(REQUIRED ACTION)
What you return should be the complete data below, word for word, with no pictures in it.

(EXERCISE DATA)
——

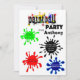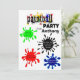 Comece a comemorar bem com um convite de paintball para aquele aniversário especial. Este é um convite brilhante para uma festa de pinball com bolhas de pingos coloridos de tinta. Personalize o convite com as informações da sua festa.
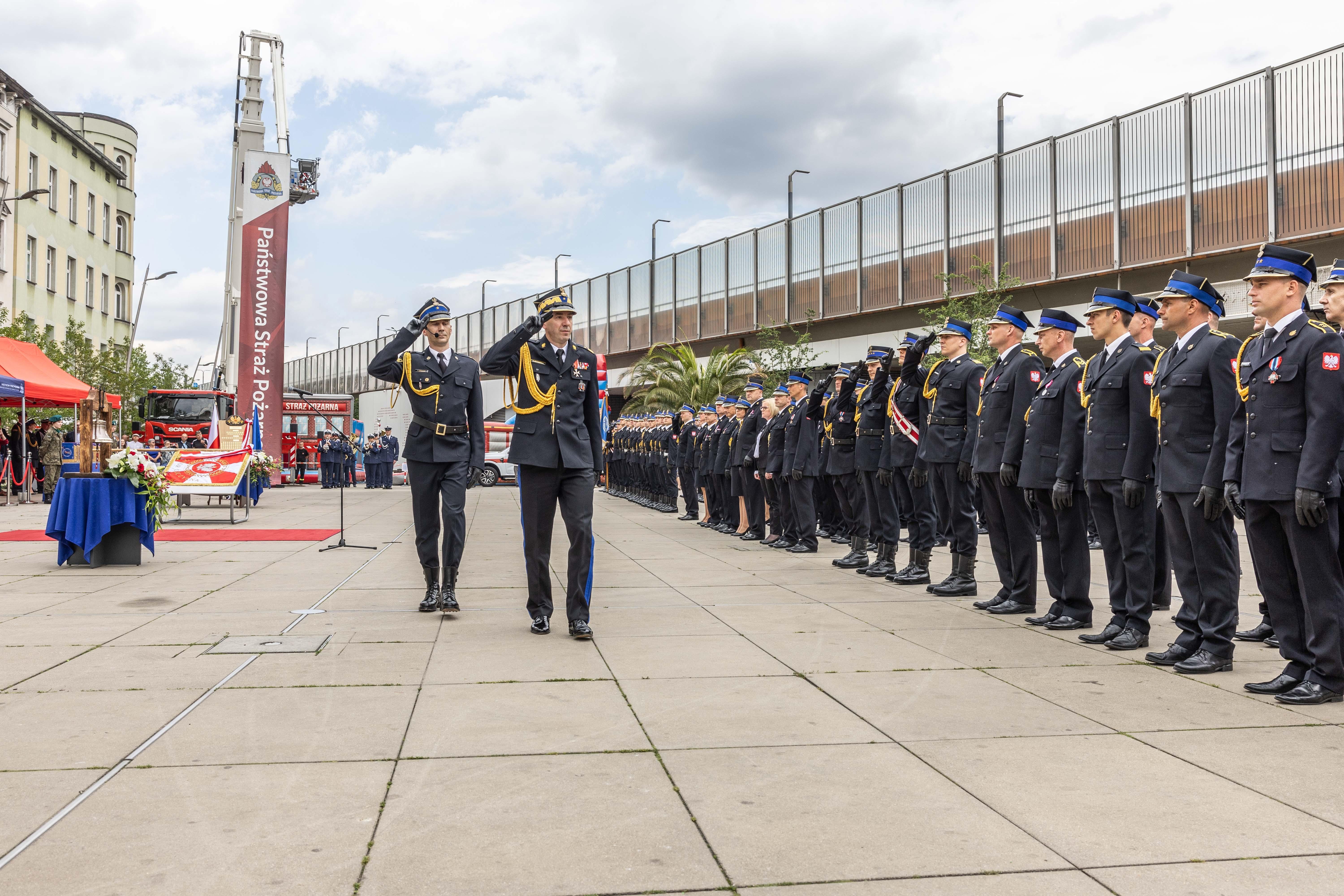 Uroczysty apel rozpoczął się złożeniem meldunku przez dowódcę uroczystości mł. bryg. Pawła Strugacza, Komendantowi Głównemu Państwowej Straży Pożarnej nadbryg. dr. inż. Mariuszowi Feltynowskiemu, który dokonał przeglądu i powitania pododdziałów.
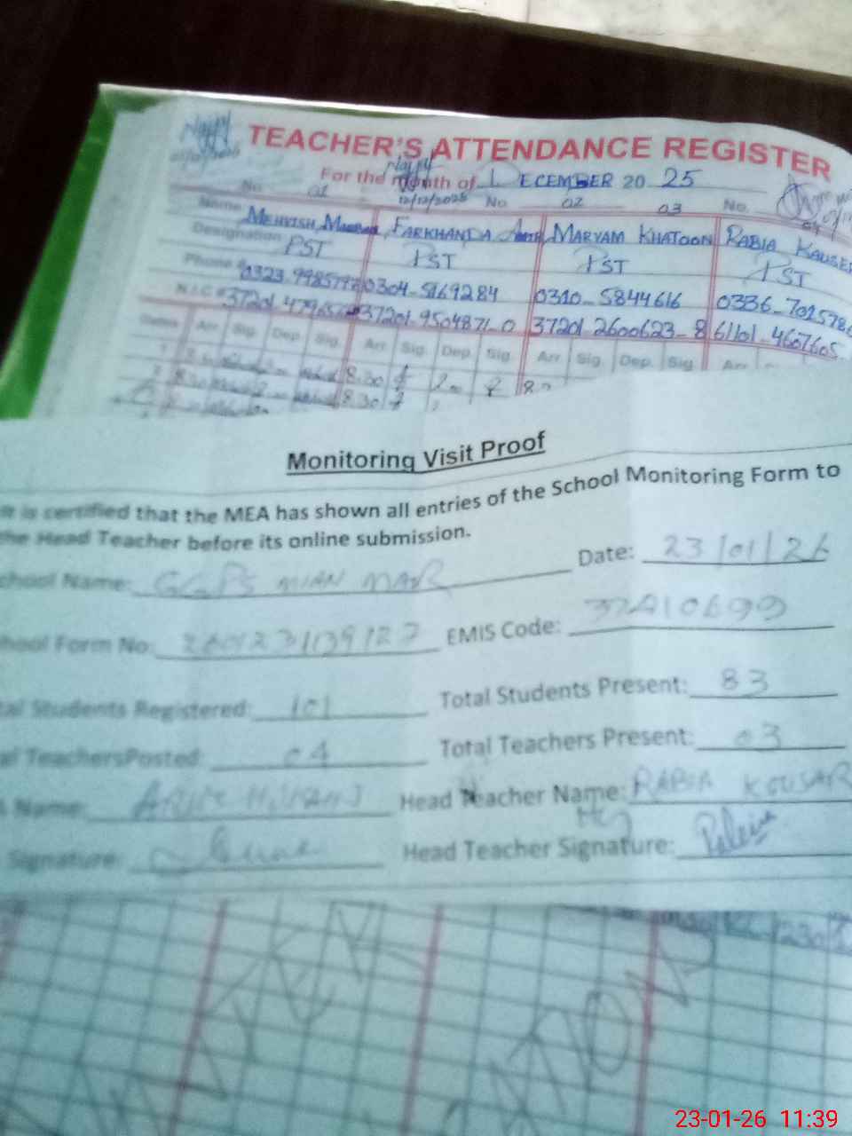 | Attendance Register | Head Teacher | MEA with School | Visit Proof |

——

(SOLUTION)
 Comece a comemorar bem com um convite de paintball para aquele aniversário especial. Este é um convite brilhante para uma festa de pinball com bolhas de pingos coloridos de tinta. Personalize o convite com as informações da sua festa.
 Uroczysty apel rozpoczął się złożeniem meldunku przez dowódcę uroczystości mł. bryg. Pawła Strugacza, Komendantowi Głównemu Państwowej Straży Pożarnej nadbryg. dr. inż. Mariuszowi Feltynowskiemu, który dokonał przeglądu i powitania pododdziałów.
 | Attendance Register | Head Teacher | MEA with School | Visit Proof |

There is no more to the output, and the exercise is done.